The Night House: A novel

Image of The Night House: A novel
Author(s): 
Release Date: 
October 3, 2023
Publisher/Imprint: 
Knopf
Pages: 
256
Reviewed by: 

“Nesbø’s taken a mischievous left turn into modern mythology and added a substantial seasoning of Edgar Allan Poe.”

Norwegian author Jo Nesbø is best known for his crime novels featuring Inspector Harry Hole; his most recent in that series was published in English in May 2023 as a classic dark police procedural.

However, Nesbø is also a vocalist and writer for a rock band, an author of a children’s book series about a crazy professor, a dabbler in black comedy film, and has retold Macbeth set in 1970 with a police team targeting bikers and drug dealers.

So it should be no surprise that for his second 2023 release in English, Nesbø has gone wildly far from expectations, so that The Night House has been labeled a classic horror novel. In fact, it’s far from classic anything, cutting fresh ground, not always successfully.

Part One offers the miserable life of Richard Elauved, living without joy with an aunt and uncle in a rural town after the death of his parents. Richard offers several advanced forms of meanness: stealing from a popular kid in the class, tormenting a stammerer and an overweight boy, and suddenly framed for the disappearances and/or deaths of both those kids through a horrific demonic presence that seems to relate to the rural town’s buried history.

But the demonic being, Imu Jonasson, targets Richard as well, and begins to invade even the (very very small) corners of his life where Richard may have some (deeply hidden) good motives. This is the presumably classic horror segment of the book—although it’s not as frightening as most contemporary horror and gives the impression of possibly being written for preteens, to mute the terror that’s customary in the genre.

Probably the most frightening moment in Richard’s attempt to convince the adults that he hasn’t killed his two almost friends is offered by the local sheriff, who declares, “I will personally make sure that you, Richard Elauved, are locked away in a very dark, very remote place where no one will ever find you,” if one of the missing kids isn’t located right away. But how can Richard defend against the threat when nobody believes his tale of a demon?
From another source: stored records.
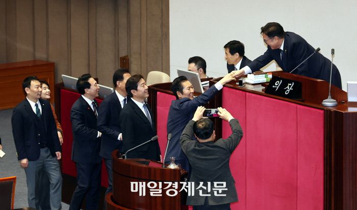정청래 더불어민주당 대표(단상 아래 오른쪽 둘째)가 24일 국회 본회의에서 민주당 의원들과 함께 정보통신망법 개정안에 대한 필리버스터 종결 투표를 마치고 우원식 국회의장과 악수하고 있다. 김재훈 기자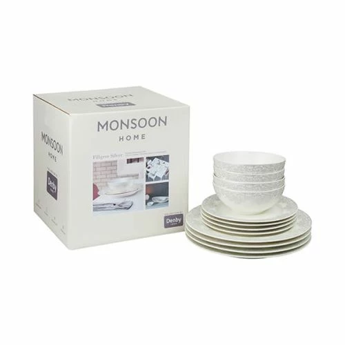 - The Denby Monsoon Filigree Silver 12 Piece Tableware Set combines timeless elegance with modern design. Each piece features intricate filigree detailing in a stunning silver finish.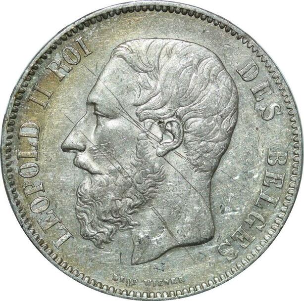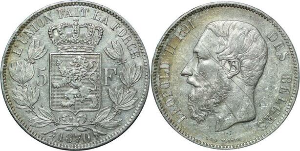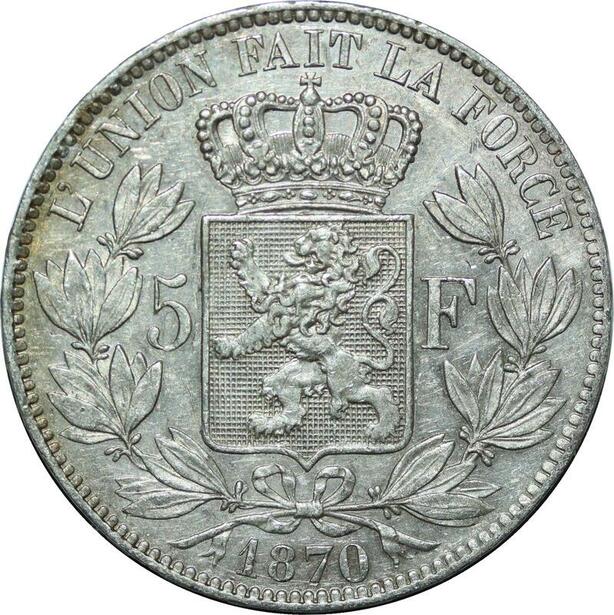 R1052 Belgium 5 Francs Leopold II Roi des Belges 1870 Argent -> Make offer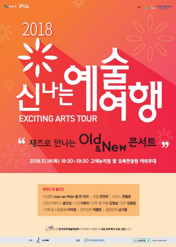 수원고색뉴지엄이 18일 오후 6시 30분 권선구 오목천공원에서 ‘2018 신나는 예술여행-재즈로 만나는 Old&New 콘서트’를 연다.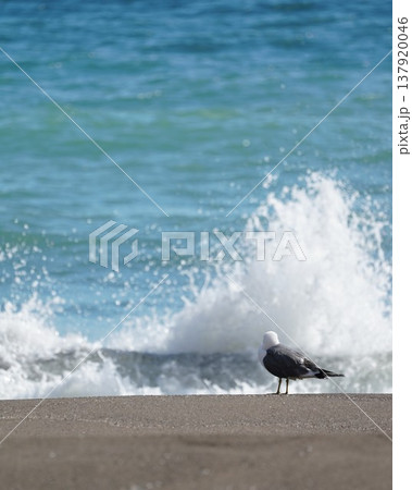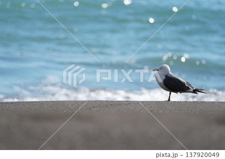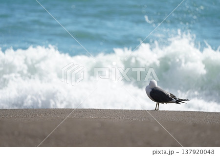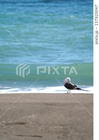 砂浜に佇むウミネコ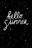 Quote citaat zwart-wit poster Hello Summer. Handgeschreven met een achtergrond met verf-spetters. Zwarte achtergrond,…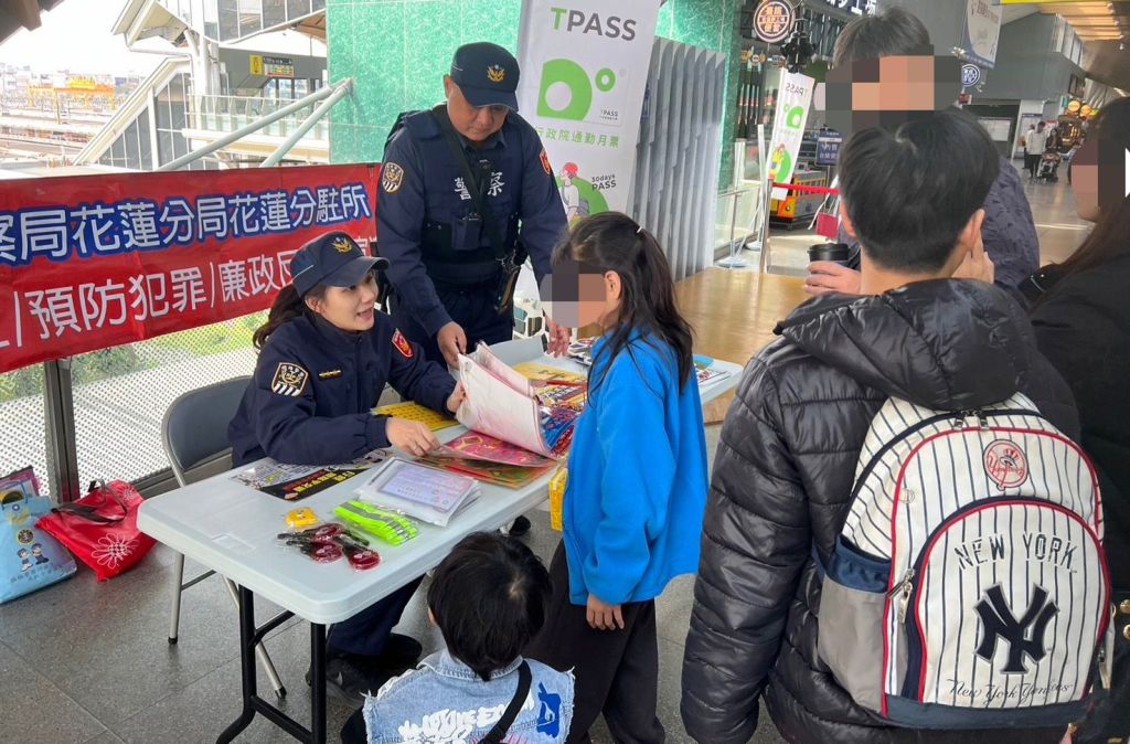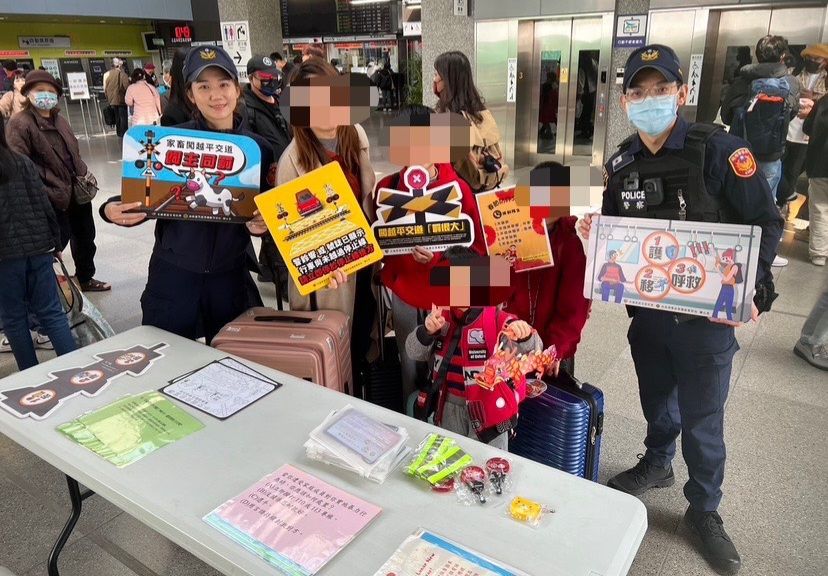 大年初二,鐵路警察局花蓮分局花蓮分駐所交安宣導不停歇,副所長樂群帶領警員許愛庭、曾家威在花蓮車站設攤,對旅客進行平交道交通安全宣導及反詐騙小知識。

Soon a scene resembling Hitchcock’s The Birds arrives, substituting red-eyed cicadas instead, and Richard becomes an insect killer. Which may or may not relate to his own character—hard to tell whether it’s an act of murder to swat a bug while exploring a haunted house.

All this adds up to what might be an early draft of a spooky novel for preteens, and poor Richard ends up getting his apparent just deserts (and more scary threats from adults) as Part One wraps up.

Then, as if the book were actually a modernist drama, Part Two turns the plot inside out. And Part Three twists it into a Moebius strip of threats from authority figures.

In other words, Nesbø’s book is not only entirely “other than” when compared to his Harry Hole crime series—it could have been written by some other person, for some other reason. There is no way for a reader to “solve” any portion or predict any subsequent one, and the finale suggests the author’s been teasing, all the way along.

The best way to read this Norwegian (not quite horror) novel is to assume all of it is meant to tease the reader—and that may in fact be the case. If so, Nesbø’s taken a mischievous left turn into modern mythology and added a substantial seasoning of Edgar Allan Poe. Reader, beware: Assume your leg is being pulled (or ground up in a sausage grinder), and buckle up for a most peculiar ride.